Adossée à une petite église en pierres grises, que surmontait une croix de fer, on eût dit un pieux ermitage ou quelqu’un de ces asiles hospitaliers élevés sur les hauts lieux, loin des routes frayées par les pas de l’homme. Du plateau sur lequel elle était assise, le regard plongeait sur le fertile bassin de la Limagne, bordé dans sa plus grande longueur par le ruban argenté de l’Allier. Derrière l’église, sur le penchant de la montagne, quelques cabanes échelonnées ressemblaient à une caravane gravissant une route escarpée. De ce point, la vue courait, de rocher en rocher, le long de la chaîne d’où se détachent le Puy-de-Dôme, le Plomb du Cantal et le Mont-Dore.
Telle était à peu près l’espèce de Thébaïde habitée depuis dix ans par le curé de ***. –On comprendra facilement le scrupule qui nous empêche d’écrire ici le nom du village, aussi bien que notre répugnance à altérer l’exactitude des moindres détails de cette simple histoire par la banalité d’un pseudonyme.–C’était un homme de soixante ans, sec, alerte, d’une physionomie douce et bienveillante. La simplicité de son cœur n’excluait ni la finesse, ni l’élévation de l’intelligence, de même que l’austérité de ses mœurs ne diminuait rien de son indulgence naturelle pour les autres. Sa foi était ardente, et son zèle pour ses administrés n’avait d’autres bornes que celles que la nature avait imposées à sa force physique. Sa charité, sous ce rapport, lui faisait accomplir des miracles. L’hiver n’avait pas de froid assez rigoureux, de neige assez épaisse, la montagne n’avait pas de ravins assez profonds, la nuit de ténèbres assez effrayantes pour l’arrêter dans l’exercice de ses pénibles fonctions. Et tout cela se faisait simplement, sans le plus secret mouvement de vanité, avec cet air de bonhomie qui ôte jusqu’à la pensée du sacrifice.
Cet homme au cœur simple avait pourtant une ambition, ambition modeste et bien légitime, mais toujours déçue. Depuis plusieurs années, le bon curé nourrissait, en secret, le désir de posséder. une soutane neuve! Et il convient de reconnaître que ce désir n’était que trop justifié par l’état de maturité très avancée de la principale pièce de son vêtement. C’est que cet humble habit comptait, lui aussi, de longs et honorables services. Il y avait longtemps qu’il accompagnait son maître dans toutes ses excursions. Avec lui, il avait bravé les intempéries des saisons et essuyé bien souvent la pluie, la poussière et la neige, avec des alternatives de vent et de soleil. Sous l’action combinée de ces divers éléments de destruction, la couleur primitive avait été visiblement altérée. Après avoir passé, par des dégradations insensibles, du noir au brun, du brun au roux, il avait acquis définitivement cette teinte effacée et indécise qui rappelle les horizons brumeux des derniers jours d’automne. Comme cette arrière-saison de l’année, son aspect avait quelque chose de mélancolique qui portait à la rêverie. Aminci, fatigué, et comme à bout de force, il paraissait prêt à rompre, au moindre tiraillement, tout contact immédiat avec celui qu’il avait mission de couvrir, mais qu’il ne protégeait plus, hélas! que pour la forme! Et il est probable qu’une séparation, au moins partielle, se serait déjà effectuée, en plus d’une circonstance, sans le talent et l’infatigable dévouement de dame Marguerite, respectable matrone, à l’air imposant, à la taille ronde et courte, attachée au service du curé, après avoir, depuis longtemps, passé l’âge canonique.

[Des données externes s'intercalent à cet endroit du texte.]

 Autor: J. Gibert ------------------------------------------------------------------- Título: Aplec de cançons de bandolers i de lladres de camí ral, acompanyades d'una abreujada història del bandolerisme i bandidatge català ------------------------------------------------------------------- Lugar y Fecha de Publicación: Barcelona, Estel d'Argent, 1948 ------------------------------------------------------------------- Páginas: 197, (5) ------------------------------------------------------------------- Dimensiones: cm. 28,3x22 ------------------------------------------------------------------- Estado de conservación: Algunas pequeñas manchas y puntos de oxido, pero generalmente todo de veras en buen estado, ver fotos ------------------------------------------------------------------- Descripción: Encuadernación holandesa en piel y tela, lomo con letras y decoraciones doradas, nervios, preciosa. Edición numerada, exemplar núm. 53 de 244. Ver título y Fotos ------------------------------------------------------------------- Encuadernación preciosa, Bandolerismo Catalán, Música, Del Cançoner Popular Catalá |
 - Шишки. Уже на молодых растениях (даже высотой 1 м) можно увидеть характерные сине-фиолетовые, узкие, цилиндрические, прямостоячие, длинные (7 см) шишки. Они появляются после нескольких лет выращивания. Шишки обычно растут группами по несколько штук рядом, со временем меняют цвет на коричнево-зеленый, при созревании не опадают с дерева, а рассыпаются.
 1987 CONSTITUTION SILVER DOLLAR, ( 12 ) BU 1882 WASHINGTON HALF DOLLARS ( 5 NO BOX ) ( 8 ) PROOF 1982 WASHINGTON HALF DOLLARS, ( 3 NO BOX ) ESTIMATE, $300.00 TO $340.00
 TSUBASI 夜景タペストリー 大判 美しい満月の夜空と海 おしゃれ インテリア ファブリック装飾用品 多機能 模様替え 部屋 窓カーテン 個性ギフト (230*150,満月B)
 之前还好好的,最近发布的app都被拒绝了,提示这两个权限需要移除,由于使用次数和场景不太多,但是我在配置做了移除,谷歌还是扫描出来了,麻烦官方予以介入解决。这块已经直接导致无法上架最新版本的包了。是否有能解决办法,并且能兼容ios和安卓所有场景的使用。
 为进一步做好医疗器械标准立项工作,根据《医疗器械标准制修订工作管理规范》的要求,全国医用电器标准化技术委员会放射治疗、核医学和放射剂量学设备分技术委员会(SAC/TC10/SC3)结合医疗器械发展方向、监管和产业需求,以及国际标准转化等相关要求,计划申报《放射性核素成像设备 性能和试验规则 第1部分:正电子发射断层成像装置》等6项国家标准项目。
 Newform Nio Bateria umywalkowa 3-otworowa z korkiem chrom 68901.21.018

En présence d’un danger sans cesse renaissant, cette courageuse femme semblait avoir pris pour devise: «Je maintiendrai!.» Sous son impulsion généreuse, son aiguille accomplissait, chaque jour, de véritables prodiges, en traçant, à travers l’étoffe, de savantes et invisibles arabesques. Grâce à elle, la séparation, toujours imminente, se trouvait retardée de jour en jour, sans que la dignité du curé eût trop à souffrir de cette association infiniment prolongée, et qui, toujours près de se rompre, ne tenait bien souvent qu’à un fil!...
Il ne faudrait pas croire, cependant, que ce vénérable prêtre fût insensible à ce que l’on est convenu d’appeler le respect de sa propre personne. Sous des dehors plus que modestes, il cachait un amour inné de la propreté. Ce n’était pas un de ces rigoristes qui font un crime de tout ce qui a l’apparence d’une concession aux préjugés ou à l’opinion, et encore moins un de ces apôtres orgueilleux qui se drapent dans leurs guenilles. Il sentait sa misère et la portait courageusement, toujours prêt, quand il le fallait, à renoncer, dans l’intérêt d’autrui, à la satisfaction de son unique désir, l’acquisition d’une soutane!
Ce désir, ce rêve avait failli plusieurs fois se réaliser. Vain espoir! Le bon curé avait compté sans les entraînements de son cœur. Au milieu d’une population privée de ressources, les occasions de faiblir dans sa résolution étaient trop nombreuses et s’offraient à lui, pour ainsi dire, à chaque pas et sous toutes les formes. Comment résister à de pareilles tentations, lorsque l’on sent dans sa poche deux écus qui sautillent en babillant joyeusement, et ne demandent qu’à prendre leur volée?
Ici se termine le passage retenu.